So just to add a little bit of color here—for example, the top 10 holdings of the Nasdaq-100 Index®, which has around 100 names, represent around 50% weight. Whereas the top 10 holdings of the S&P 500, which has around 500 constituents, represent around 36% weight. So this simple “top 10” approach may suggest that Nasdaq is more concentrated than the S&P 500, but that isn’t necessarily the case when you start to normalize for the number of index constituents.
Now, going beyond this “top 10 weight of the portfolio,” there are other techniques for measuring concentration—such as the Herfindahl-Hirschman Index, or HHI, which is typically used by regulators to measure market concentration. Or even index breadth, which is just another tool that tries to define the effective number of constituents in the portfolio, irrespective of the actual number of constituents. But overall, no matter the metric, each is really just trying to estimate how top-heavy the overall portfolio is.
Jeff Praissman
And all investments obviously have risk. One potential advantage of indexes is that diversification of risk. How do the indexes offset risk for investors?
Rob Jankiewicz
Exactly, yeah. So at a basic level, holding a single security is generally more risky than holding a basket or a portfolio of securities. And the reason for this is that any two stocks—or assets in general—are rarely moving in the same exact direction or the same exact magnitude at the same exact time. So, measuring the correlation of those returns helps us to understand the similarities and differences across the risk and return profiles of different securities.
If stocks are perfectly correlated—which really just means that they move exactly in sync—then there isn’t really much benefit of diversification when combining those two stocks together in a single portfolio. If we combine stocks that are less than perfectly correlated with one another, or uncorrelated, or even negatively correlated, then the portfolio’s overall risk may end up being less than the risk of any individual constituent. So overall, indexes generally offer diversification benefits by blending multiple securities together into a portfolio to reduce risk without necessarily sacrificing the potential return.
Jeff Praissman
And what about portfolio risk though? What are the components of portfolio risk?
Rob Jankiewicz
So the textbook answer is that there are typically two major components of portfolio risk. There’s diversifiable and non-diversifiable risk. And the idea is that only certain types of risks can be diversified away in the portfolio.
For example, a diversifiable risk—which is also known as unsystematic or idiosyncratic risk—usually tends to be company-specific. So, for example, if a company misses on earnings or makes some form of announcement that’s specific to that company—such as a company executive departing or some other major event—this will generally have a direct and immediate impact on just that company’s value.

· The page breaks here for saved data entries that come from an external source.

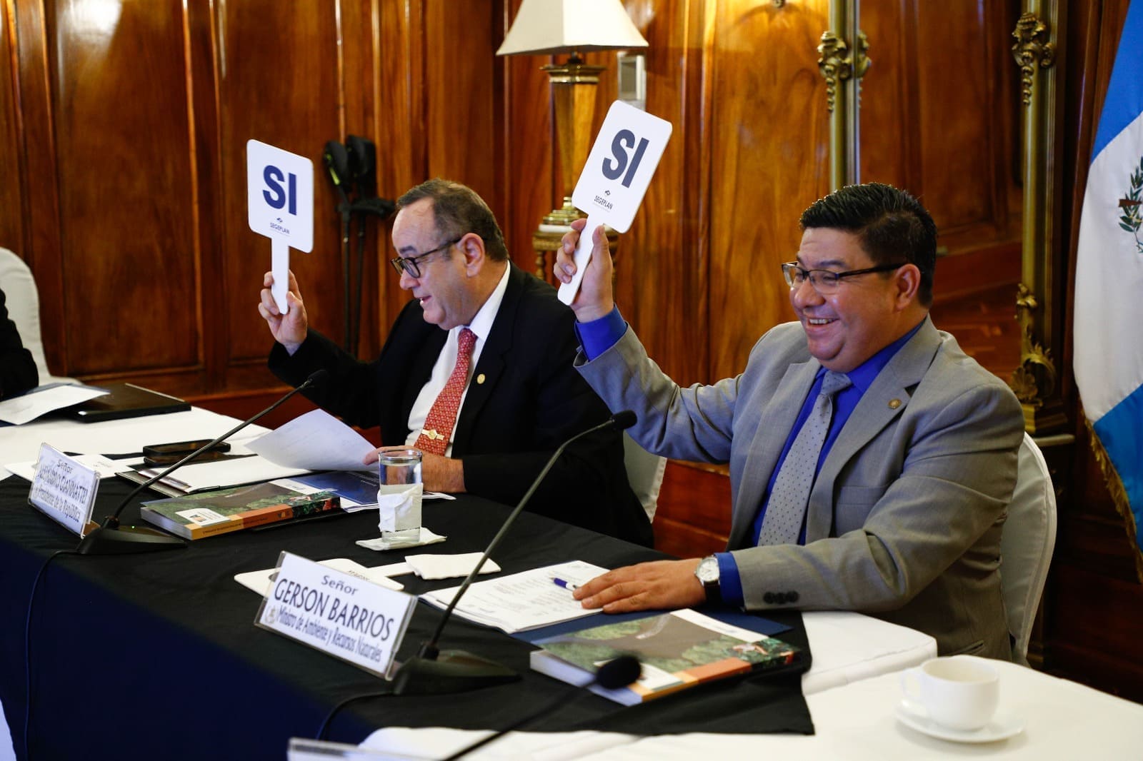 El presidente Alejandro Giammattei presidió la reunión ordinaria del Consejo Nacional de Cambio Climático (CNCC) junto al Ministro de Ambiente, Gerson Barrios.
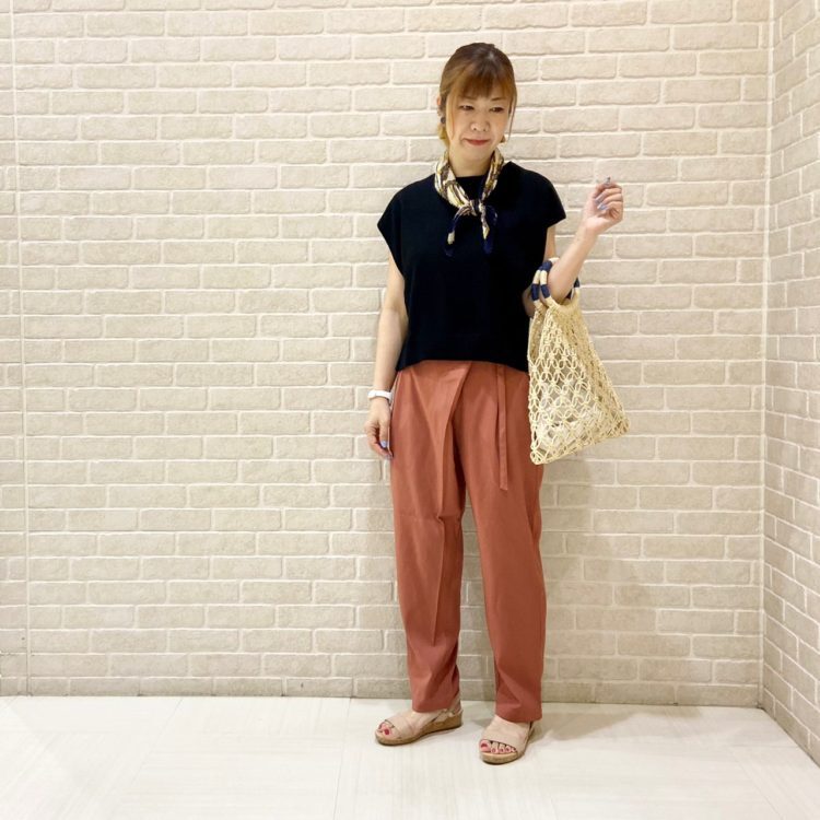 【 RNA-N 】のベストと、柔らかいオレンジカラーが目を引く【 ZAMPA 】とのパンツコーデ!
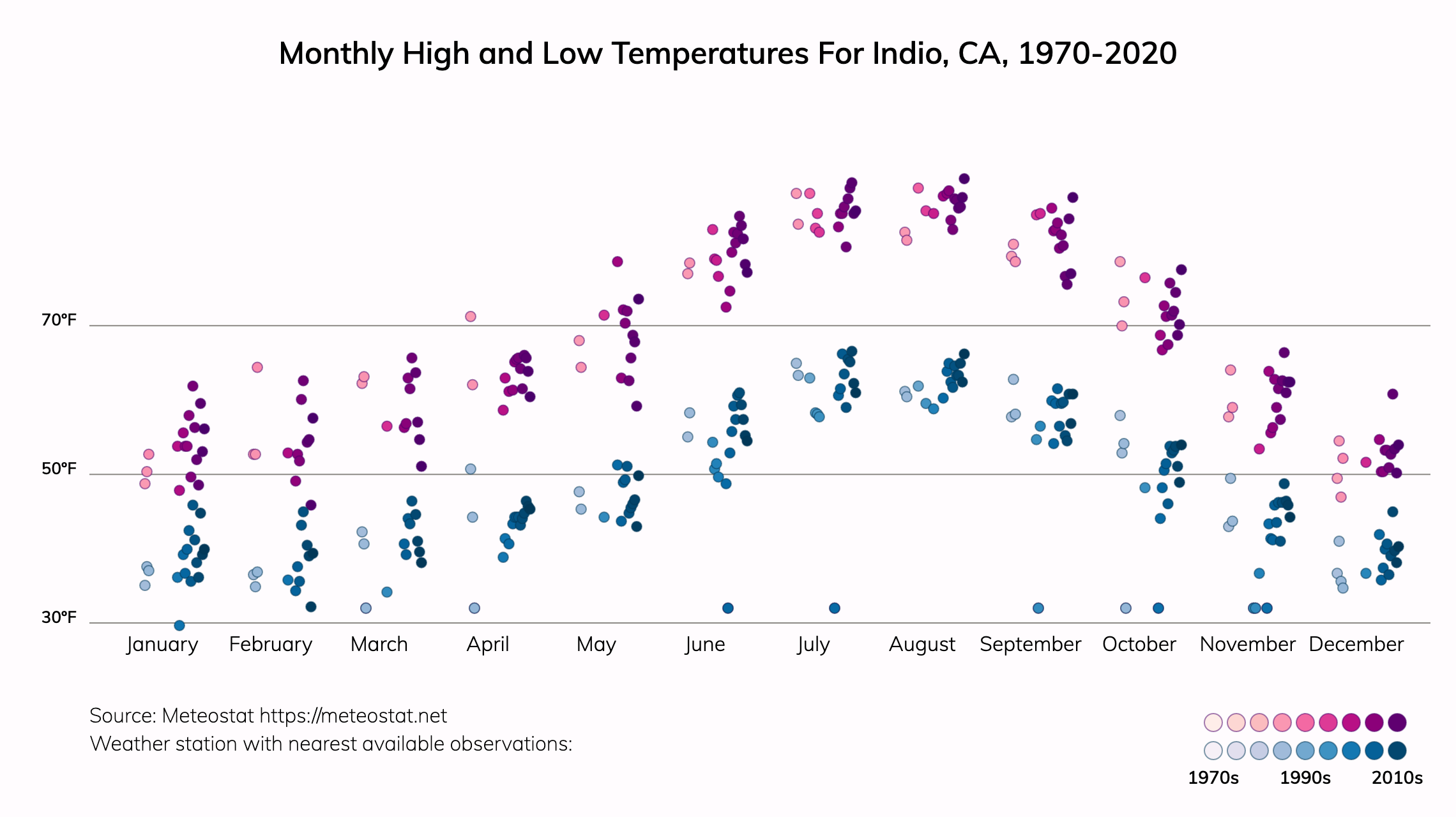 In a typical year around 1990, people in Indio, CA experienced about 7 days above 112.0ºF in a year. By 2050, people in Indio are projected to experience an average of about 33 days per year over 112.0ºF.Climate change is increasing the frequency and intensity of heat waves, even in places with cooler average temperatures. See more information on heat risk. Everyone can take steps to reduce their risks from extreme heat.

However, non-diversifiable risks—so this is the other type of portfolio risk—we sometimes call this systematic risk. This is generally related to the broader market. For example, events such as a global recession or global monetary policy decisions—these types of events tend to have some type of impact on all companies, regardless of that company’s size or sector.
Jeff Praissman
And Rob, if you could leave our listeners with one broad statement on the advantages of indexes, what would it be?
Rob Jankiewicz
Yeah, absolutely. So, the short answer—I’ll give a short answer and a slightly longer answer. The short answer is that indexes are very important for investors.
But going into the more detailed or thorough answer: although not all indexes are built the same exact way, they all provide some form of systematic and transparent, rules-based way to measure the portfolio or the performance of a specific market or underlying constituents in a portfolio. So overall, those indexes are helping investors measure the performance of both active and index funds. Overall, indexes are pretty vital in the way that they help investors save and generate wealth over the long term.
Jeff Praissman
And Rob, it’s been my pleasure to have you on our podcast for a monthly podcast with Nasdaq. For our listeners, that was Rob Jankiewicz—he’s the Director of Index Product Development at Nasdaq. You can find lots of great content from Nasdaq on our website—both webinars and podcasts. Go to ibkr.com, click on “Education,” then click on “Podcasts” or “Webinars.” Even look for a contributor.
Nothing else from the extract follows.